§ Work to complete:
Print only the lines from the one with "camicia da uomo, camicia" through the end of the data, exactly, and please omit pictures.

§ Data section:
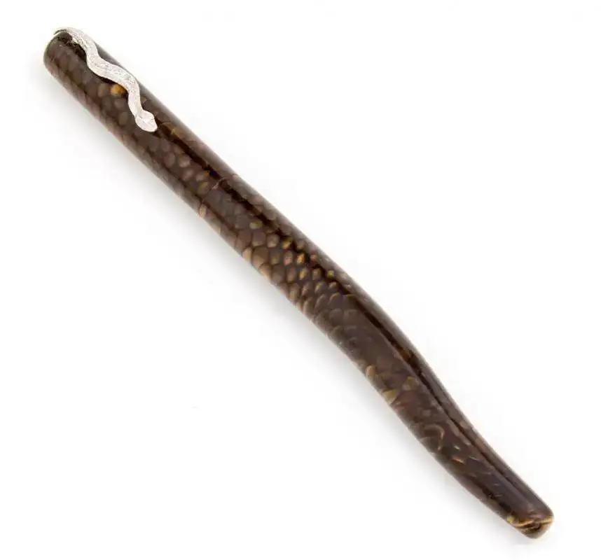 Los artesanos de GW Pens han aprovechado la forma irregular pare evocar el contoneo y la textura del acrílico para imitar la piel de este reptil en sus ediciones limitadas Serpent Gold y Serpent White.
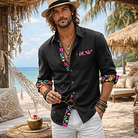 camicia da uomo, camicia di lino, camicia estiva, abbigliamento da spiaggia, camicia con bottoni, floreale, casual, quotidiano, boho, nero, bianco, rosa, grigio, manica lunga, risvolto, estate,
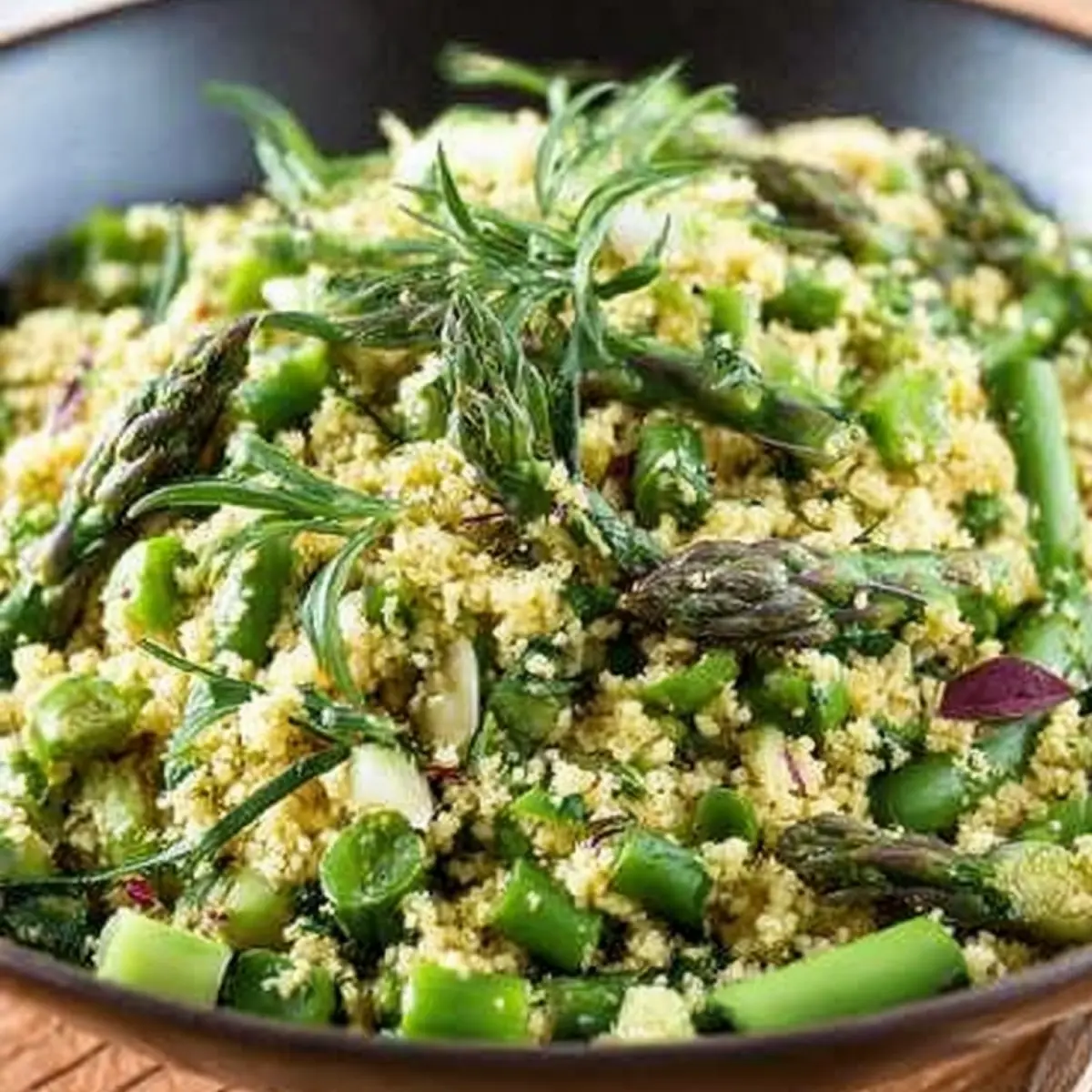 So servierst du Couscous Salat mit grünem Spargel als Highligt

§ Result for this task:
 camicia da uomo, camicia di lino, camicia estiva, abbigliamento da spiaggia, camicia con bottoni, floreale, casual, quotidiano, boho, nero, bianco, rosa, grigio, manica lunga, risvolto, estate,
 So servierst du Couscous Salat mit grünem Spargel als Highligt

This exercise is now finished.